I can confirm having the same issue: printing a TIFF vs placing it in an Ai file can get different RIP results in the same color space using the same rendering intent. TIFF color profiles seem to be ignored sometimes by the RIP in both Onyx and Flexi.
I actually tested this a couple of weeks ago in Flexi Production Manager, trying to finagle the most dependable print workflows.
I tested RIPs with four sets of four files, using one color space profile per set:
1) a TIFF file (saved from Photoshop with "Color: ICC color profile: ____" checked)
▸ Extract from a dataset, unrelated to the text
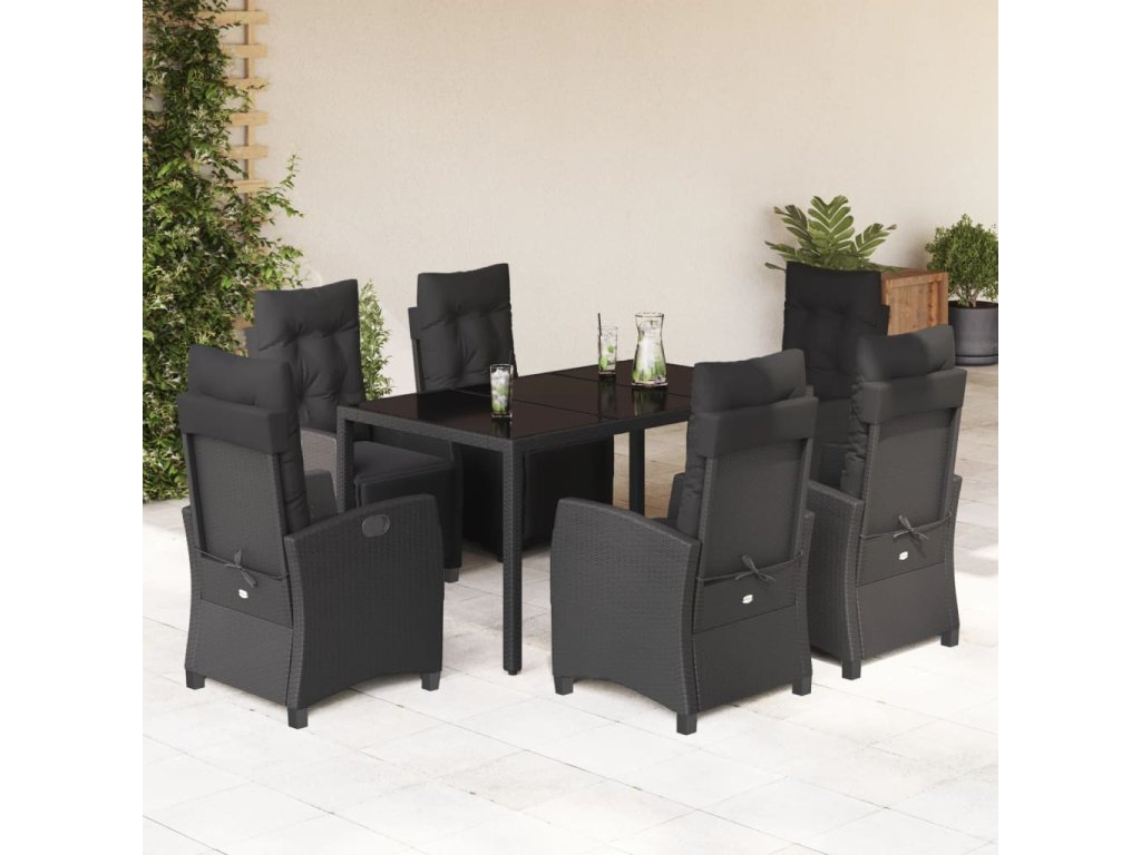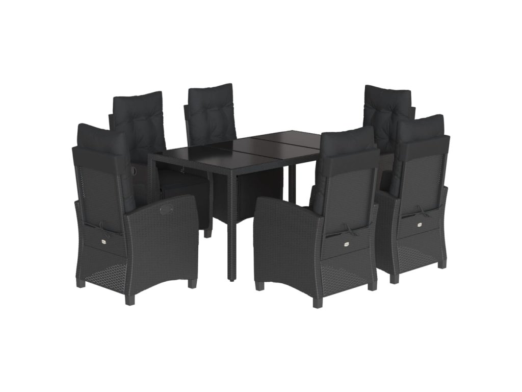 7dílný zahradní jídelní set s poduškami černý polyratan 3212891

2) a TIFF placed in an .ai file with the same working color space, saved with the "Embed ICC profiles" button checked
3) a PDF file with Color Conversion set to "No Conversion" and Profile Inclusion Policy set to "Include All Profiles" set in the save settings
4) a PDF saved with "Convert to Destination" with the destination color space matched to the placed TIFF, with "Include Destination Profiles" set
I tested sRGB IEC61966-2.1, Wide Gamut RGB, GRACoL, and Printwide input profiles. The Ai and PDF files ripped similarly, but the RIP seemed to ignore the TIFF's embedded profile. The RIP result had typical signs of color space mismatch: having the saturation dramatically blown out, or colors muddied and hue shifted red->orange/brown or blue->purple/cyan. The former is usually what happens if a bigger gamut is displayed or linearized with a default/smaller color space, and the latter is due to a CMYK "crush-down" because the RIP thinks all the colors are way out of gamut.
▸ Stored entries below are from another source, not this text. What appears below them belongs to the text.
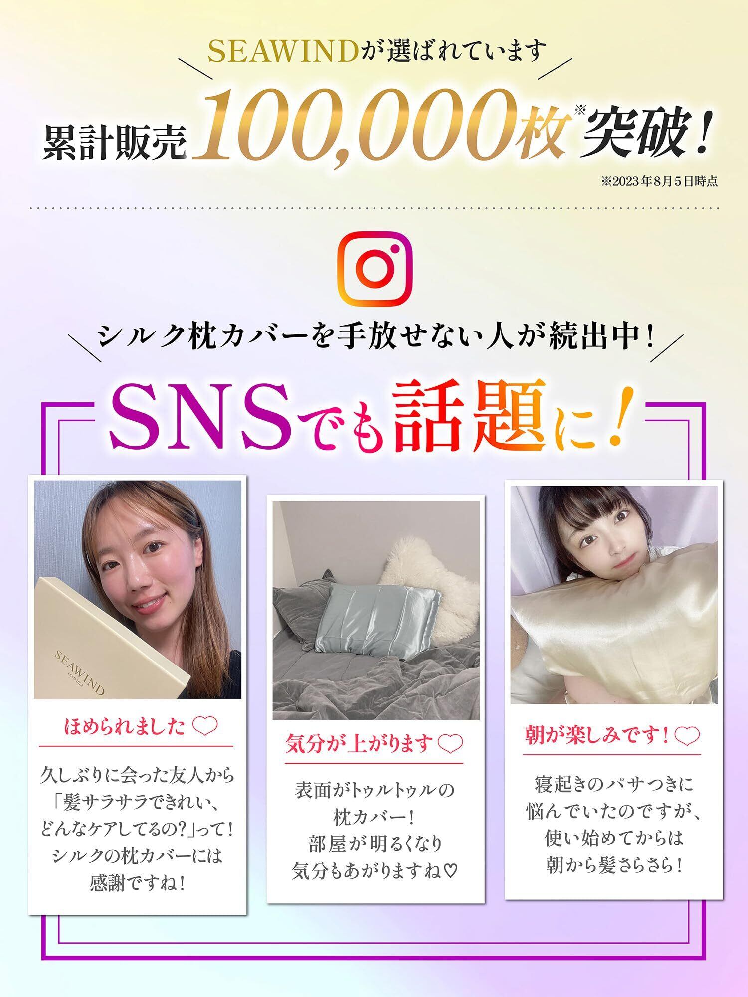 【希少な6Aランクシルク枕カバー】SEAWINDのシルク 枕カバーは、両面に希少な6Aランクのシルクを採用しています。シルク枕カバー独特の光沢感で高級感のある一品。純粋なマルベリーシルクのなかでも、高品質な6Aランク&19匁の厚みのある生地を厳選しております。天然タンパク質と人肌に極めて近いアミノ酸成分を含んでいるため、敏感な肌の人や赤ちゃん、ご高齢の方でも快適にご利用いただける枕カバーです。
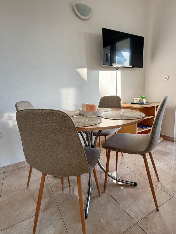 Zeer mooi, schoon appartement met een groot terras en prachtig uitzicht op zee! De hospita Nada en haar zoon Ivan en schoondochter Andrea waren erg vriendelijk en meegaand. De oude binnenstad en de zee met de mooiste stranden van Primosten zijn te voet in ongeveer 5 minuten te bereiken. We hebben een heerlijke vakantie gehad en kunnen het appartement aanbevelen!
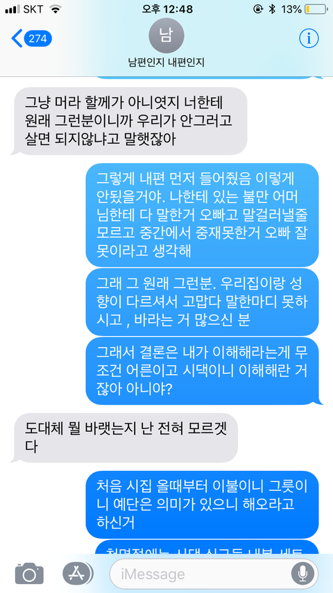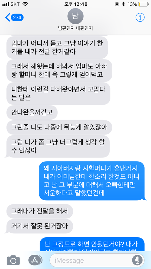 "그럼 어머님도 제가 장난으로 속아서 결혼했다는 말을 우리 신랑한테 사기결혼을했다니 어쩌니 어머님이 먼저 시댁 깐거는 쏙 빼놓고 말하시냐고"
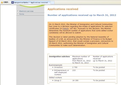 14300宗 -- 截止至2012年3月,魁省投資移民案件積壓數為14,300(4,884為新政,9,591為舊政),而2010年年底的舊政積壓量為12,131。華僑移民認為,加拿大移民局雖然期望通過2011年新政的翻倍漲價進一步提升移民人群質量,并相應攔掉部分涌入的移民潮,但目前的情況來看,移民人群依然有增無減。既然政府不希望用一刀切的方式簡單粗暴地提高拒簽率,所以希望通過提高門檻的方式抑制新的申請,從這一點上講,是加拿大政策對申請人負責任的一種表現。所以這一次的漲價也就在情理之中了。
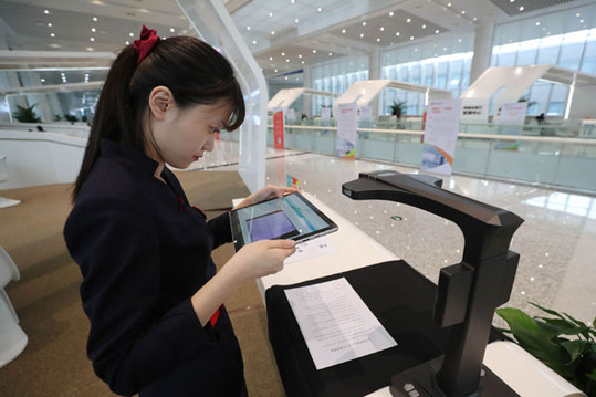 中國(遼寧)自由貿易試驗區沈陽片區“渾南會客廳”內,工作人員在幫助企業上傳文件。記者 楊青 攝
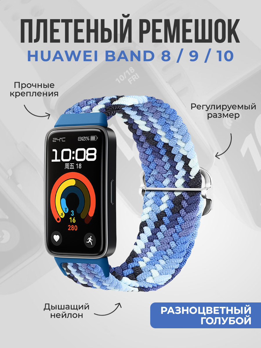 Плетеный нейлоновый ремешок для Huawei Band 8/9/10, регулируемый по длине, разноцветный голубой
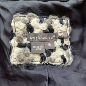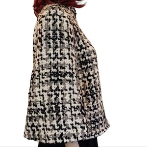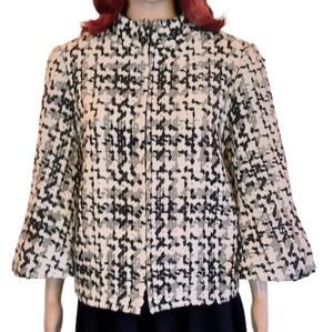 Thick nubby tweed jacket with pockets and bell sleeves. Nice for office or casual wear.
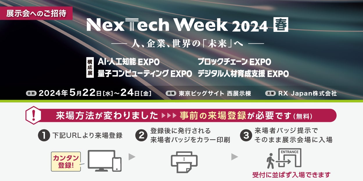 ◇NexTech Week[春]とは・・・ 「AI」「ブロックチェーン」「量子コンピュータ」「デジタル人材の育成を支援」の 4つの展示会で構成。DX を推進していきたい企業の方にとって欠かせない展示会です。

What's really a puzzler is that the TIFFs still ripped wrong after I turned off "Use embedded ICC profiles" in the RIP, then manually set the input profile myself. Haven't tried that with Onyx, as we're not running it anymore.
Personally, I've found using PDFs as a "container file" gets the most consistent Onyx results, while Flexi seems to digest .ai files best. And sometimes, if a customer's raster file is fiddly when I try to place it, sometimes opening it in Photoshop, saving it as a .psd, then placing that instead fixes things due to Creative Cloud voodoo.
Mileage may vary based on your calibration, setup and printer's ability to remain in profile, but I hope this helps.